The next pitch starts with a fun hand traverse (committing but easy) to a small ledge at the base of another flared crack/chimney. I found the starting moves in that flare to be challenging. The rest of the pitch is fun chimneying and stemming.

The crux pitch has a couple of hard moves, chimneying in a flared offwidth, first without feet, then with the feet on a thin diagonal overlap on the left wall. The pro at the crux is great: one bolt and a #4 Camalot. Then you just go for it on a couple of face moves above the overlap and to the top of the lower tower.

The last pitch starts with the famous step-across move: incredible exposure over the 4ft gap (which opens much wider below). One good bolt for pro on the opposite wall, then you shuffle right a few feet and commit to a couple of moves up a flake. Easy but the holds are small enough to catch your attention.
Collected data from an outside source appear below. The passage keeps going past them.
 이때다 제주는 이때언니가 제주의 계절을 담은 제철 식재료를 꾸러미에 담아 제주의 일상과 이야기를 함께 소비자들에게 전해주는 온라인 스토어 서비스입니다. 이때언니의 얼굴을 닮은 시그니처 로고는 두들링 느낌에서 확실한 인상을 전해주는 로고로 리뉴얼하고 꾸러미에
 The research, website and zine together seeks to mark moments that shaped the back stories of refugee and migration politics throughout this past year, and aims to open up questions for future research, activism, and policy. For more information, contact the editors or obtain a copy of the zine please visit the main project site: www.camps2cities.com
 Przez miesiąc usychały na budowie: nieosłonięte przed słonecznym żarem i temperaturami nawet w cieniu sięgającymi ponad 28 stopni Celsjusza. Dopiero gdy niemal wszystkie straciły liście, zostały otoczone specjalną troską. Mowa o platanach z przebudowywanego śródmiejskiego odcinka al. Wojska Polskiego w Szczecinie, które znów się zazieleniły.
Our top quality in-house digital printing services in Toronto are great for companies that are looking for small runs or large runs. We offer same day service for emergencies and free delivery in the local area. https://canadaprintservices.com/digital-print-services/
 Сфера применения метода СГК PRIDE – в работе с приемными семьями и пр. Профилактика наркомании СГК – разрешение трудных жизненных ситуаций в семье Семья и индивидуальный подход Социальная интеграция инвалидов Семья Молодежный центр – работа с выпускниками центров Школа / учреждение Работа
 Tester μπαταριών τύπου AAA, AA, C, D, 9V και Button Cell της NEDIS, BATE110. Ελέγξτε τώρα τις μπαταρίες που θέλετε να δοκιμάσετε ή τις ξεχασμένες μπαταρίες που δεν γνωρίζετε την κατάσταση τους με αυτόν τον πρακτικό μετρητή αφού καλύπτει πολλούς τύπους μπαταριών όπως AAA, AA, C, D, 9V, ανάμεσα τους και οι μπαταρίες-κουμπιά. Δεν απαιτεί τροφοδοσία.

The summit area is large, flat and comfortable. The summit register is incredible: a one foot section of industrial strength 8" diameter (or so) stainless steel pipe, with a welded flange at the base. The whole contraption is held by four beefy bolts onto the summit sandstone. A large, removable stainless steel cap protects the summit register inside. Even though it had turned cloudy by the time we reached the top, we stayed well over an hour, enjoying the incredible views. There's also a lone cactus, growing straight out of the sandstone, and a small hanging garden with a bush, agave, and cactus. Beautiful.
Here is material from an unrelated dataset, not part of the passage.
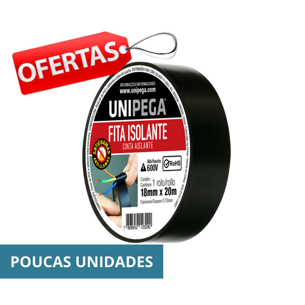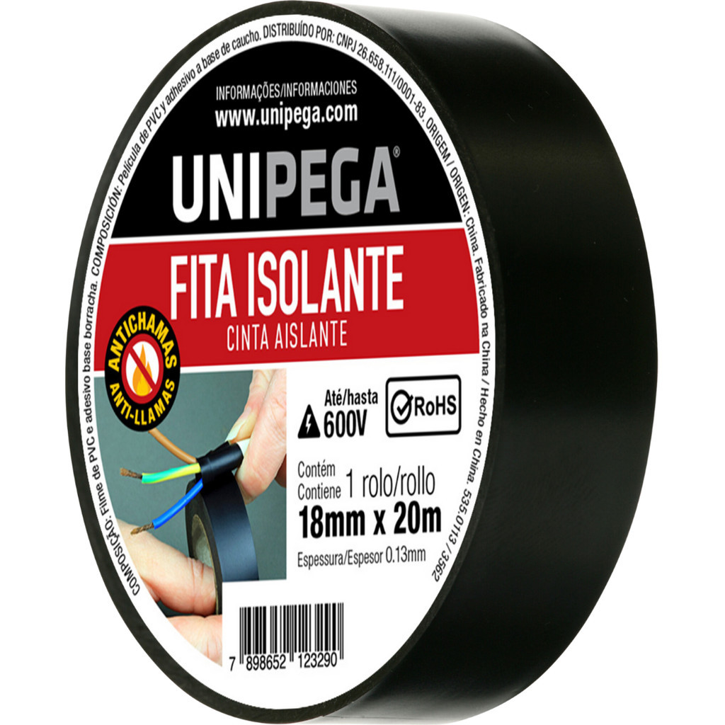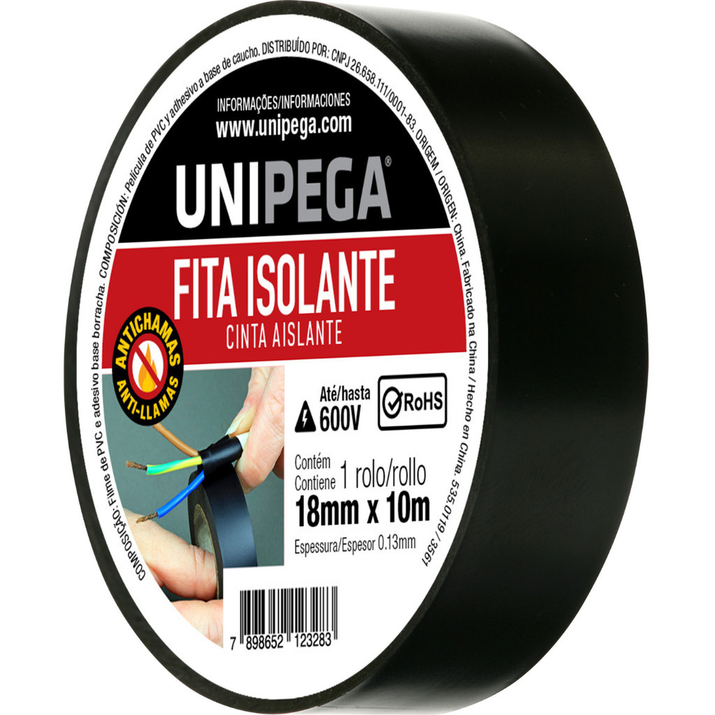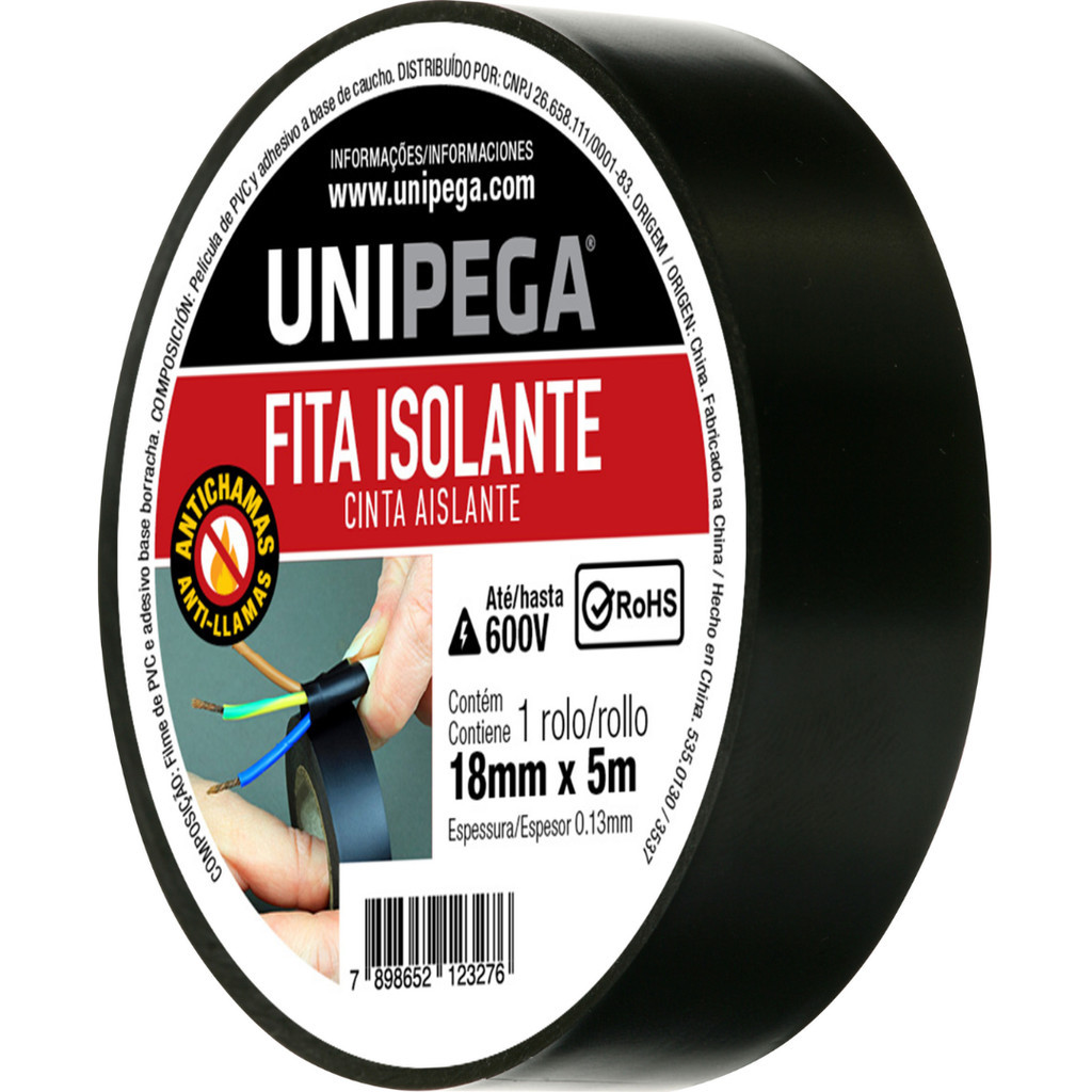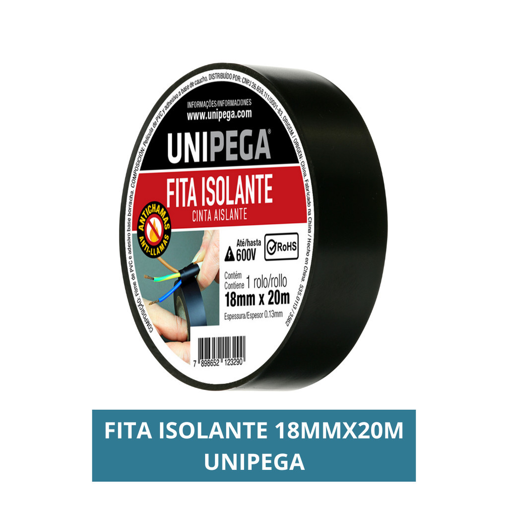 Fita Isolante Preta 18mm 5 Metros 10 Metros e 20 Metros Adesiva Fios Cabos Reparos Emendas Unipega

We eventually resorted to rapping down. We did not dare trying the jump back down to the lower summit (not sure about risking a foot or ankle injury). Instead, we layed the ropes around the summit register/rap anchor (!) and rapped down into the chimney between the two towers. An impressive rap. It's about 150 feet to a large ledge in the chimney. From there, another short rap from a bolted anchor (single rap with a 50m rope) leads to the ground on the back side of the tower. A quick and easy 5 minute walk down and around to the other side and we're back at our packs.

Great climb. Great day.

We had dinner in Jerome on the way back. Such a cute town: old buildings clinging to the side of the mountain. Must have been a vibrant town a century ago. Too bad we cannot get a job in a place like this...

The Mace

November 5, 2004 / 5.9, 5 pitches, trad.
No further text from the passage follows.